# Western canadian APBT club point show.



## angelbaby (Feb 4, 2010)

Went and hung out at the show yesterday and took a few pics, well took more then a few but will just post the ones I like the best lol. Thought you all would enjoy some new pics.

this is Jax, cindy from cdpits owns him, he was so sweet I really loved him. 




this was one of my favs at the show, such a tiny dog but he was ripped... pictures dont do this dog any justice. 




really love her too , she was impressive in person. Told stef im gonna steal her. 




really loved this boy too, he took a 1st in his class in the 1st show


----------



## Darkevs (May 21, 2013)

great photos.

thanks for sharing.

i am going to have to get down there to watch a show one day.


----------



## angelbaby (Feb 4, 2010)

I think the next big one is august .


----------



## Black Rabbit (Nov 14, 2009)

Great pics girl  I still want to see the target pics though  lol


----------



## Darkevs (May 21, 2013)

angelbaby,

cool, i will keep an eye out for it.

where would I check for info. on the upcoming show in August?

and i was playing around editing some photos and played with this one of yours, hope you do not mind. I combined both so you could see the before and after.........


----------



## Odin`s_BlueDragon (Mar 11, 2012)

i like that last black dog. hes a Caragan dog, i've seen him before. i dont think its Hitman but it sure looks like it could be one of his offspring.


----------



## Zagari (Feb 14, 2013)

I never get tired of show pics!


----------



## angelbaby (Feb 4, 2010)

thanks Darkevs when I get time ill show Stef that pic it is her dog  looks awesome . 
Krystal, the target pics are in my may album on fb lol im not posting them here, its just the girls I was always behind the camera lmao.
Lauren that last black dog was STUNNING , I was asking if the crop hurts the chances in the ADBA ring but apparently not he took first in his class in the first show ( i didnt stay for the second or the second day of showing so not sure how he did overall ) but I LOVED him.


----------



## angelbaby (Feb 4, 2010)

Have to say if I ever get a game bred dog I would like something off the lines of that black dog, would love it if you have a link to a ped or anything on that dog or hitman if you said he similar. not that im looking for a apbt right now but nice to know what i like for if I ever do lol.


----------



## American_Pit13 (Apr 23, 2007)

angelbaby said:


> really loved this boy too, he took a 1st in his class in the 1st show


Gotta love a Caragan dog! Nice pics! He is out of Hitman and Passion. His name is Dyno.


----------



## Carriana (May 13, 2008)

American_Pit13 said:


> Gotta love a Caragan dog! Nice pics! He is out of Hitman and Passion. His name is Dyno.

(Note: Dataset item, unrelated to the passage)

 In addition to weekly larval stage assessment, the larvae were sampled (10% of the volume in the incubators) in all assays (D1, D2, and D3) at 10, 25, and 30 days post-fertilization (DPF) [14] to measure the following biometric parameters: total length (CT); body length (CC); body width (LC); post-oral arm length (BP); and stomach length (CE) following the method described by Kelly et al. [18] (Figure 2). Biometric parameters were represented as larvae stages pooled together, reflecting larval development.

Was thinking that looked like a Caragan dog. Saw Cheryl had shared a pic of him too, figured he had to be off her yard.


----------



## angelbaby (Feb 4, 2010)

Thanks for the info holly, funny cause I have always liked her yard and dogs, alot of them have caught my eye before. She has some thicker dogs I like.


----------



## Odin`s_BlueDragon (Mar 11, 2012)

American_Pit13 said:


> Gotta love a Caragan dog! Nice pics! He is out of Hitman and Passion. His name is Dyno.

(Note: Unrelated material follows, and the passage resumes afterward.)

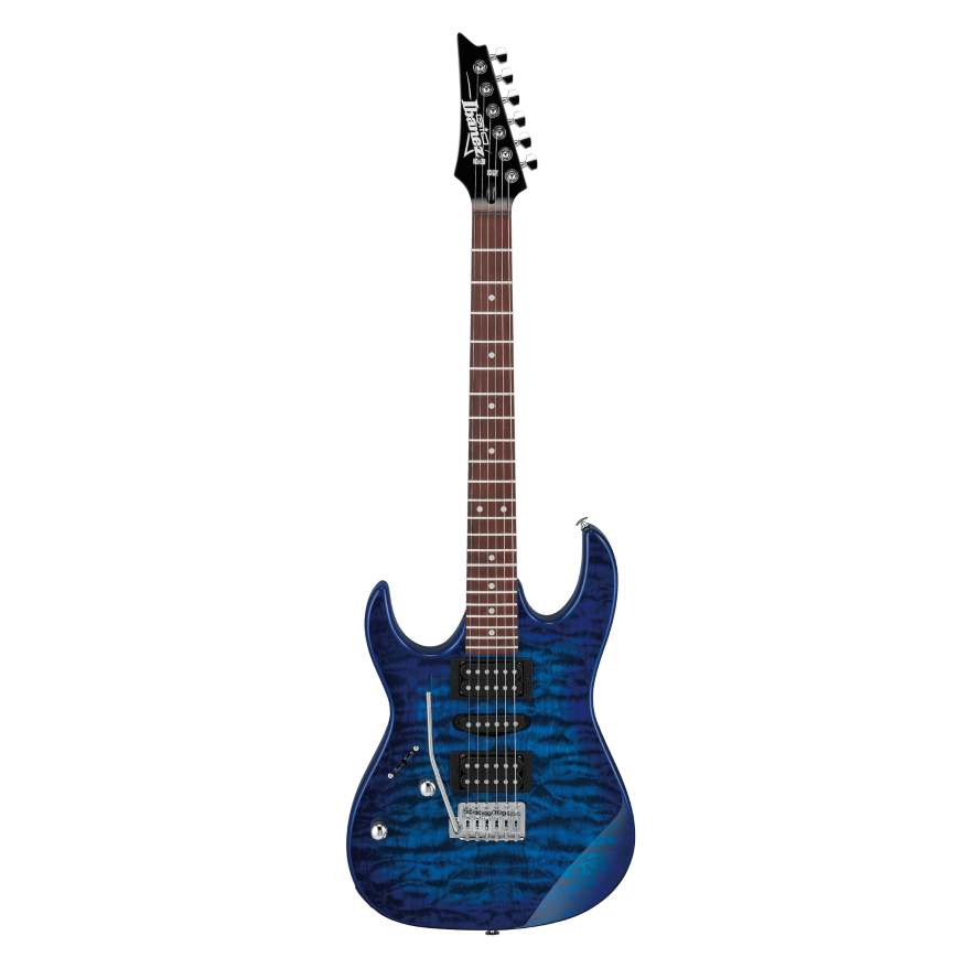 The GRX70QAL is an affordable guitar â but you wouldnât know it from looking. Its eye-popping quilted maple top gives it an expensive look that belies its price tag. But the GRX70QAL isnât about looks â it delivers killer sound to match. Its poplar body supplies a resonant, balanced-sounding base for your tone. Beyond that, a versatile trio of Infinity pickups delivers a range of fierce, high-output tones. As for playability, youâll love the smooth, fast action of this guitarâs neck. Engage in serious dive-bombing and other whammy acrobatics with the GRX70QAL’s standard tremolo. Many guitarists here at Sweetwater have cut their teeth on the Ibanez GRX70 and have found it to be a great beginner electric.

See I knew he looked like Hitman. Lol. I like that line too. But correct me if im wrong... but aren't Caragan dogs show bred and not game bred? I get kennels confused sometimes tho.....

Sent from Petguide.com Free App


----------



## Carriana (May 13, 2008)

Odin`s_BlueDragon said:


> See I knew he looked like Hitman. Lol. I like that line too. But correct me if im wrong... but aren't Caragan dogs show bred and not game bred? I get kennels confused sometimes tho.....
> 
> Sent from Petguide.com Free App


They are dual reg ukc/adba and I believe there are game dogs not too far back in their peds . Not sure how close up the game dogs need to be to be considered game bred...


----------



## Odin`s_BlueDragon (Mar 11, 2012)

I just couldn't remember what bloodlines she uses....its hard to look up peds on my phone...

Sent from Petguide.com Free App


----------